Project page for

**Select to Better Learn: Fast and Accurate Deep Learning using Data Selection from Nonlinear Manifolds,**

Joneidi, Mohsen ; Vahidian, Saeed ; Esmaeili, Ashkan ; Wang, Wijia ; Rahnavard, Nazanin ; Lin, Bill ; Shah, Mubarak

In proceedings IEEE Conference on Computer Vision and Pattern Recognition, CVPR 2020 .

**Codes:** You can find the code for Spectrum Pursuit (SP) and Kernel SP here.

**Presentation:** You can see the presentation __here__.

**Paper:** You can download the paper __here.__

**Introduction**:

Finding a small subset of data whose linear combination spans other data points, also called column subset selection problem (CSSP), is an important open problem in computer science with many applications in computer vision and deep learning. There are some studies that solve CSSP in a polynomial time complexity w.r.t. the size of the original dataset. A simple and efficient selection algorithm with a linear complexity order, referred to as spectrum pursuit (SP), is proposed that pursuits spectral components of the dataset using available sample points. The proposed non-greedy algorithm aims to iteratively find K data samples whose span is close to that of the first K spectral components of entire data. SP has no parameter to be fine-tuned and this desirable property makes it problem-independent. The simplicity of SP enables us to extend the underlying linear model to more complex models such as nonlinear manifolds and graph-based models. The nonlinear extension of SP is introduced as kernel-SP (KSP). The superiority of the proposed algorithms is demonstrated in a wide range of applications.

**Method**:

An efficient non-greedy algorithm is proposed to solve CSSP with a linear order of complexity. The proposed subspace-based algorithm outperforms the state-of-the-art algorithms in terms of accuracy for CSSP. In addition, the simplicity and accuracy of the proposed algorithm enable us to extend it for efficient sampling from nonlinear manifolds. The intuition behind our work is depicted in the following figure. Assume for solving CSSP, we are not restricted to selecting representatives from data samples, and we are allowed to generate pseudo-data and select them as representatives. In this scenario, the best K representatives are the first K spectral components of data according to definition of singular value decomposition.

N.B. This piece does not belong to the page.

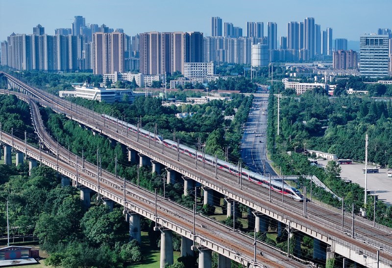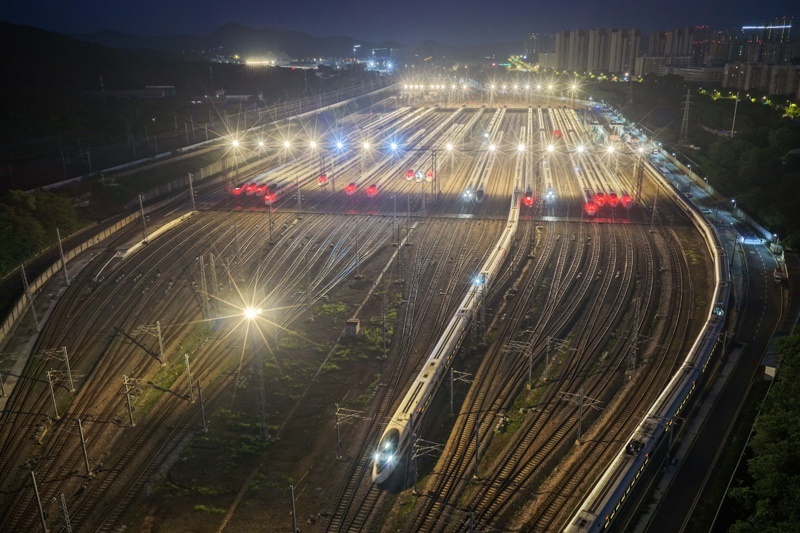 6月30日,動(dòng)車組列車駛出南京動(dòng)車段南京南動(dòng)車運(yùn)用所(無人機(jī)照片)。

However, the spectral components are not among the data samples. Our proposed algorithm aims to find K data samples such that their span is close to that of the first K spectrum of data. We refer to our proposed algorithm as spectrum pursuit (SP). This figure shows the intuition behind SP and also it shows a straightforward extension of SP for sampling from nonlinear manifolds. We refer to this algorithm as Kernel Spectrum Pursuit (KSP).

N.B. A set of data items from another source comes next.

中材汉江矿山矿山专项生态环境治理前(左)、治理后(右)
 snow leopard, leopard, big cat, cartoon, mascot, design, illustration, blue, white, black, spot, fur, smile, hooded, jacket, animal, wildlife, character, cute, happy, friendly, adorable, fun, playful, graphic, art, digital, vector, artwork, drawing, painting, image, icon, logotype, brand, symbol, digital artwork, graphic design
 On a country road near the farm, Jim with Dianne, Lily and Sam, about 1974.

Our main contributions can be summarized as:

- We introduce SP, a non-greedy selection algorithm with linear order complexity w.r.t. the number of original data points. SP captures spectral characteristics of dataset using only a small number of samples. To the best of our knowledge, SP is the most accurate solver for CSSP.
- Further, we extend SP to Kernel-SP for manifold-based data selection.
- We provide extensive evaluations to validate our proposed selection schemes. In particular, we evaluate the proposed algorithms on training generative adversarial networks, graph-based label propagation, few shot classification, and open-set identification. We demonstrate that our proposed algorithms outperform the state-of-the-art algorithms.

**Applications**:

**Training GAN**: None of existing frameworks from training a GAN benefit from smart samples selection to expedite the training process. Here, we present our experimental results on CMU Multi-PIE Face Database for representative selection. We use 249 subjects with various poses, illuminations, and expressions. We use the selected samples to train a generative adversarial network (GAN) to generate multi-view images from a single-view input.

**Graph-based Semi-supervised Learning: **we consider the graph convolutional neural network (GCN) that serves as a semi-supervised classifier on graph-based datasets. Indeed, a GCN takes a feature matrix and an adjacency matrix as inputs, and for every vertex of the graph produces a vector, whose elements correspond to the score of belonging to different classes. The neural network is trained based on semi-supervised learning, i.e., the network is fed with the feature and adjacency matrices of the entire graph while the loss is only computed on the labeled vertices. Here the labeled vertices correspond to the subset of vertices that is selected by applying our proposed algorithm.

**Graph Summarization**: Clusters (also known as communities) in a graph are those groups of vertices that share common properties. Identification of communities is a crucial task in graph-based systems. We design an experiment to find the vertices with a central position on several types of graphs.

**Few Shot Learning**: We adopt the Omniglot dataset and split it into three subsets for training, validation, and test, each of which consists of totally different classes. A Siamese network trained on training pairs to distinguish inter-class and intra-class pairs. After being fully trained on the sampled pairs, the model is developed for few-shot classification. In other words, if the model is accurate enough to distinguish the identity of classes to which the pairs belong to, given few representatives of a specific class, a trained Siamese network could serve as a binary classifier that verifies if the test instance belongs to this class.

**Open-Set Identification**: The open-set identification problem is addressed employing propose selection method, which results in significant accuracy improvement compared to the state-of-the-art. In open-set identification, test data of a classification problem may come from unknown classes other than the classes employed during training, and the goal is to identify such samples belong to open-set and not the known labeled classes. Employing the entire closed-set data during the training procedure leads to inclusion of untrustworthy samples of the closed-set.